- Barnala Location within Azad Kashmir Barnala Location within Pakistan
- Coordinates: 32°52′14″N 74°14′51″E﻿ / ﻿32.870650°N 74.247478°E
- Country: Pakistan
- Territory: Azad Kashmir
- District: Bhimber
- Established: 1996
- Elevation: 313 m (1,027 ft)

Population (2020)
- • Total: 150,000
- Time zone: UTC+5 (PST)
- Postal code: 10020
- Dialling code: 0092-05828
- Website: Official Website

= Barnala, Bhimber =

City in Azad Kashmir

== Barnala ==
Barnala (Urdu: برنالہ) is a city located in the Bhimber District of Azad Jammu and Kashmir, Pakistan. The name "Barnala" derives from the words Bar (meaning "edge") and Nala (meaning "stream" or "river"), reflecting its location on the edge of a river. It serves as the administrative headquarters of Barnala Tehsil, one of the sub-divisions of Bhimber District.

== Geography ==
Barnala is situated on the bank of a Chenab River tributary, 43.9 km northeast of Gujrat District (Punjab Province) via Awan Sharif-Fatehpur Road. It borders Bhimber, Kotla Arab Ali Khan, Gujrat, Sialkot, and Jammu. The city is located approximately:

- 200 km southeast of Rawalpindi
- 180 km southeast of Islamabad
- 60 km northwest of Sialkot
- 100 km northwest of Jammu

== Topography ==
Topographically, Barnala is divided into Three distinct regions:

- Plain Region
- Mountain Region
- Hill Station

== History ==
The city held strategic importance during the 1965 Battle of Chamb. As part of the Bhimber District, the area is known as the "Gateway to Kashmir" due to its historical role as a route used by Mughal emperors traveling to the Kashmir Valley.

== Demographics ==
According to the 2017 Census of Pakistan, the total population of Barnala Tehsil was approximately 137,629 (projected to reach 140,059 by 2018). The annual population growth rate is approximately 1.7%, with an average household size of 6.7 persons.

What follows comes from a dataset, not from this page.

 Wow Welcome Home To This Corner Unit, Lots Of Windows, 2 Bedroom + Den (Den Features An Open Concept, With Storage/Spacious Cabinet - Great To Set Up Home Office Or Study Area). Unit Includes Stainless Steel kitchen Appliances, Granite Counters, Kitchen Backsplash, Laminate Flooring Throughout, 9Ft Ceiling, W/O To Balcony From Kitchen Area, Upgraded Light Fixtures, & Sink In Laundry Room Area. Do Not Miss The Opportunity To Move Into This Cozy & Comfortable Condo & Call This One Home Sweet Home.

== Ethnic and Linguistic Composition ==
The Gujjar community constitutes the majority of the population in Barnala and its surrounding areas. The tehsil also includes numerous villages inhabited by Malik Awan , Jat and Rajput communities.

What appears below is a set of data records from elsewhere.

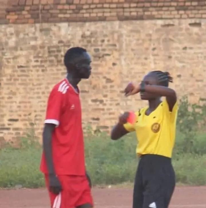 The incident occurred on Sunday during the game between Tadamon and Al-haly – where Ms. Sezarina Gabriel, a female referee red-carded Al-haly’s player named Mario over on-pitch misconduct.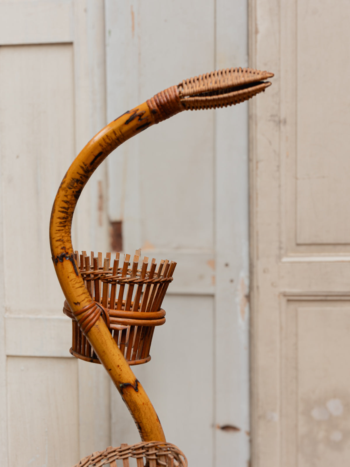 Enhance your interior with this bamboo and wicker plant stand, composed of three harmonious heads. The warmth of the bamboo and the delicate texture of the wicker create a natural feel, perfect for grouping small hanging plants or displaying lightweight pots to showcase foliage and flowers. Its compact size structures a bright corner without overwhelming it, creating a serene, bohemian atmosphere in a living room, entryway, or on a balcony.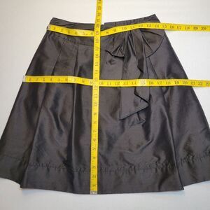 Trina Turk Silk Crepe Black A-Line Pleated Midi Skirt Bow Ties Waist Pockets

Based on the 2017 census, the linguistic breakdown of Tehsil Barnala is:

- Punjabi: 92%
- Pahari: 5% (primarily spoken in hilly regions such as Thub, Patni, and villages near the Line of Control)
- Urdu: 3%

== Administration ==
As a tehsil, Barnala serves as an administrative subdivision within the Bhimber District. The tehsil consists of the following seven union councils:

- Barnala
- Patni
- Pangali
- Watala
- Malot
- North Iftikharabad (Chamb)
- South Iftikharabad (Chamb)
- Ambriyala Jandpir

== Economy ==
Agriculture forms the backbone of the local economy. The primary crops and produce include:

- Fruit trees: mango, jujube, mulberry, pine
- Crops: rice, sugar cane, mustard, millet, and wheat

== Education ==
The tehsil comprises many remote villages, most equipped with schools offering education up to the primary level. After primary education, most students must travel to nearby areas to pursue higher education.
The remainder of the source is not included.